Un hombre vivía humildemente con su esposa e hijos en la campiña mexicana y ganaba su pan trabajando la tierra. Había visto morir a varios parientes que habitaban su casa y habían sido enterrados, tras los tradicionales ritos religiosos, no lejos de su casa. Año tras año este hombre le restaba importancia a las ofrendas debidas a los muertos, pese a las advertencias de su mujer.
Aquel año, como pronto advertiría, sería diferente.
Como todos los días, el hombre fue a trabajar su tierra. Era el 2 de Noviembre, al esperada fecha de la celebración del Día de los Muertos. Su mujer le hizo una última advertencia, que desoyó: los espíritus van a enojarse, le dijo. El hombre se encogió de hombros. Ya en el campo, comenzó a trabajar bajo el sol. De repente, oyó una voz: Miguel, Miguel (ése era su nombre). Tenemos hambre. Al principio creyó que era el viento. Cuando se repitió, creyó que era una alucinación. Cuando escuchó la voz por tercera vez, tembló: finalmente, los espíritus de sus antepasados le hacían saber que se encontraban profundamente insatisfechos. El hombre volvió corriendo a su casa y contó lo sucedido a su mujer.

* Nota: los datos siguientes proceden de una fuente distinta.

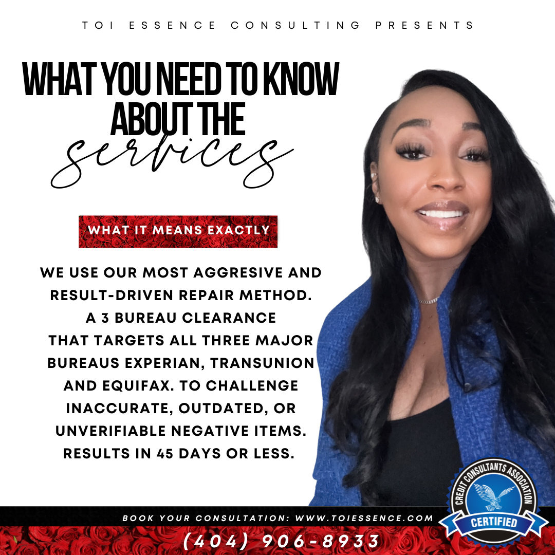 Our Most aggressive results-driven repair method. This is a sweep that targets all 3 major bureaus EX,TU, and EQ to challenge inaccurate, outdated or unverifiable negative items. Aimed to achieve deletions in 45 days.

La mujer terminó de preparar algo de comida gustosa y la colocó frente al altar.
Llamó a su marido. No hubo respuesta. Pensó que dormía y lo dejó descansar. Un hora más tarde volvió a llamarlo, pero tampoco respondió. Intrigada, fue en su busca al dormitorio. Al entrar, con sorpresa y dolor, comprendió que el hombre estaba muerto.